Did the self-important shit not see she was busy and exhausted and not the least bit interested? Did he think she had some obligation to put up with him? Was she supposed to believe he didn’t know about her husband and his wife? Or did it make the moron feel high-class to stand here talking on with her and making a show of not knowing a thing?
“Where did you study design, Leona?”
“I’m afraid I never did,” she replied, turning to pick up a metal basket filled with leaves and flower petals.
“Idiot savant?” he asked with a goofy grin that identified the true idiot to Leona’s satisfaction. Then he lunged with one arm toward the metal basket in her hands, grabbing it in what was meant as a chivalrous gesture, but which landed him facedown on the floor while the glass in his hand flew across the sanctuary, smashing into a thousand pieces against the baptismal font. There were twigs and leaves and pine needles everywhere.
“Mary Mother of God!” he shouted as he got back to his feet. “Timon’s goddamned Medici cocktail glass! Look here!” He pointed to a rise in the edge of the oriental runner at least five feet away from where he’d stumbled. “Haven’t you ever heard of tacking down a carpet runner?”
Leona dared not open her mouth. The smallest amount of oxygen would ignite the coals of rage and God alone knew where things would end. She just stood there shaking with gritted teeth while Ransom fled down the aisle.
Because of Ransom’s drunken melee, it was five minutes before seven o’clock when Leona walked out of
the sanctuary. She was exhausted. She took the route along the side of the church that was away from the parish house lawn. She was avoiding the first wave of wedding folks. She had called one of the Spakes for a ride home. The boy was waiting in his shabby pickup truck in the alley where she and Soames had unloaded the plants that morning. Across the alley were parking places behind the stores along the east end of the square. Most were abandoned at this hour on a Saturday. Just before they reached the street, she spotted Soames’s Lincoln in a narrow bay behind a shoe store. Soames had parked there to avoid the wedding traffic along the street.

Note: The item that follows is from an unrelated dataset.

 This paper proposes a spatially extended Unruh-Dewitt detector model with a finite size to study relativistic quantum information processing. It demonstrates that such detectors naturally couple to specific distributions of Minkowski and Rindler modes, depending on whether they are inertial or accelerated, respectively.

It was eight-fifteen when Soames pulled into her driveway and got out of her car. She had just come from the church. She was shaking and crying. Rhea Anne had finished dressing for the ceremony upstairs in the church parlor. The church was packed to overflowing. A madrigal was playing. At seven twenty-five the wedding party lined up on the church steps. Ransom Brisbane stumbled upstairs to collect his daughter and lead her down the aisle. He found her asleep on the parlor sofa. He called to her, but she didn’t hear him.
Moving closer, he saw the pistol on the floor and the tiny trickle of blood from the hole at the middle of her forehead.
26
MONDAY, APRIL 24, 2000
10:45 P.M.
Leona had been so deep into her account that it took her a minute to reacclimate to her surroundings. She had been a long way off. Now Blue looked over his desk at Leona as if he had just seen the Rapture. Then he opened his desk drawer and took out a small ivory pistol. It was identical to the one Leona had seen in Soames’s purse yesterday afternoon.

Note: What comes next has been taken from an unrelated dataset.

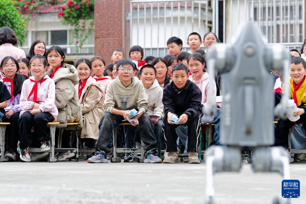 5月28日,在昭通市大关县翠华镇庆云小学,学生们观看四足机器人表演。

“Where did that come from?”
“It’s Rhea Anne Brisbane’s suicide weapon.”
It was a pair of antique dueling pistols. Soames had tried to give her one of them at least a dozen times—for self-protection! She had even put it in Leona’s purse. Did Leona remember the last time? Now she did. It was on the afternoon before that doomed wedding. She had gone into her bag for her scissors and there it sat. She
hadn’t even bothered to protest. Instead she had just slipped it quietly back into Soames’s purse.